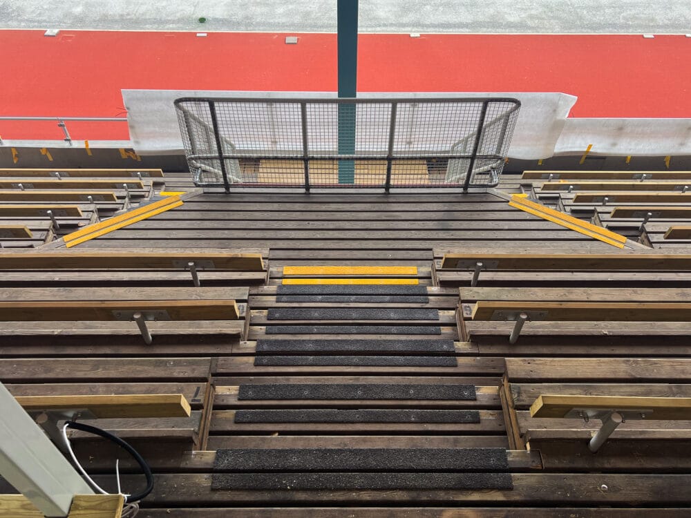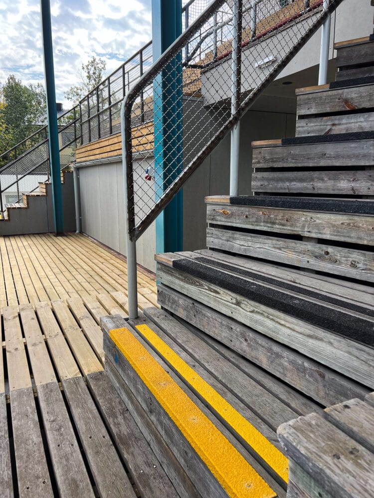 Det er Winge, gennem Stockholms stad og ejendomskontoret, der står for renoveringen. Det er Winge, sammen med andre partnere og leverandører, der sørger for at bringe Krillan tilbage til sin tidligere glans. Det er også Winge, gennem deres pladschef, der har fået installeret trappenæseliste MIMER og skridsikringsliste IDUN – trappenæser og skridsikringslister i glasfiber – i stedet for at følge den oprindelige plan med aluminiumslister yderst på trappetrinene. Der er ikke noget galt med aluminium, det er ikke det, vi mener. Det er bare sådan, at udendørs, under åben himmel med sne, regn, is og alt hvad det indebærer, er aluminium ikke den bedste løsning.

*****

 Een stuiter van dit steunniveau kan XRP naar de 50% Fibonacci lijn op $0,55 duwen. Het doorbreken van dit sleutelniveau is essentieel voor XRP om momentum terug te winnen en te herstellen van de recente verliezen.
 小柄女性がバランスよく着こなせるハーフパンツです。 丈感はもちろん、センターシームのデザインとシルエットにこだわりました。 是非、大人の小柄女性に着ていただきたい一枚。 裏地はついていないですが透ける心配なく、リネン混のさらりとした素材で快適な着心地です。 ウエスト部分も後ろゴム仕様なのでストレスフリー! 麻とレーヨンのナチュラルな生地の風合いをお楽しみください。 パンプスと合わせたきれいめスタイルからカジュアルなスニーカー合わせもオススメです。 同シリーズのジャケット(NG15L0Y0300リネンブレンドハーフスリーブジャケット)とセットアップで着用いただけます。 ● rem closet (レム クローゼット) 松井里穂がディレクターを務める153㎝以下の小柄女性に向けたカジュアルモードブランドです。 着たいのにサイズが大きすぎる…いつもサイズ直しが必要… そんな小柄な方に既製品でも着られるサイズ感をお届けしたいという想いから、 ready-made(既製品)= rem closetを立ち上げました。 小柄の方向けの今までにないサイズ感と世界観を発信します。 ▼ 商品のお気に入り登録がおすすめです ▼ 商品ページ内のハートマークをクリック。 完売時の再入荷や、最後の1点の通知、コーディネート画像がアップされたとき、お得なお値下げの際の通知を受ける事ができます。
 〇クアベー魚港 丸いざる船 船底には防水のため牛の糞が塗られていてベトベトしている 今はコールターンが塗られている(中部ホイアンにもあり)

*****

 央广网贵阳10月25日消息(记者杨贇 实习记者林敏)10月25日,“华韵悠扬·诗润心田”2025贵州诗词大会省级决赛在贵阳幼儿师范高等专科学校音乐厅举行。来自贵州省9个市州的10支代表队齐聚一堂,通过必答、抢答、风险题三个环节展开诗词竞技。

*****

▶ **Problem details**: Above this task is a listing. Restate, word for word and with nothing added, the lines from the one with "Een stuiter van" through the one with "〇クアベー魚港 丸いざる船 船底には防水のため牛の糞が塗られていてベトベトしている".

▶ **Solution to the problem**:
 Een stuiter van dit steunniveau kan XRP naar de 50% Fibonacci lijn op $0,55 duwen. Het doorbreken van dit sleutelniveau is essentieel voor XRP om momentum terug te winnen en te herstellen van de recente verliezen.
 小柄女性がバランスよく着こなせるハーフパンツです。 丈感はもちろん、センターシームのデザインとシルエットにこだわりました。 是非、大人の小柄女性に着ていただきたい一枚。 裏地はついていないですが透ける心配なく、リネン混のさらりとした素材で快適な着心地です。 ウエスト部分も後ろゴム仕様なのでストレスフリー! 麻とレーヨンのナチュラルな生地の風合いをお楽しみください。 パンプスと合わせたきれいめスタイルからカジュアルなスニーカー合わせもオススメです。 同シリーズのジャケット(NG15L0Y0300リネンブレンドハーフスリーブジャケット)とセットアップで着用いただけます。 ● rem closet (レム クローゼット) 松井里穂がディレクターを務める153㎝以下の小柄女性に向けたカジュアルモードブランドです。 着たいのにサイズが大きすぎる…いつもサイズ直しが必要… そんな小柄な方に既製品でも着られるサイズ感をお届けしたいという想いから、 ready-made(既製品)= rem closetを立ち上げました。 小柄の方向けの今までにないサイズ感と世界観を発信します。 ▼ 商品のお気に入り登録がおすすめです ▼ 商品ページ内のハートマークをクリック。 完売時の再入荷や、最後の1点の通知、コーディネート画像がアップされたとき、お得なお値下げの際の通知を受ける事ができます。
 〇クアベー魚港 丸いざる船 船底には防水のため牛の糞が塗られていてベトベトしている 今はコールターンが塗られている(中部ホイアンにもあり)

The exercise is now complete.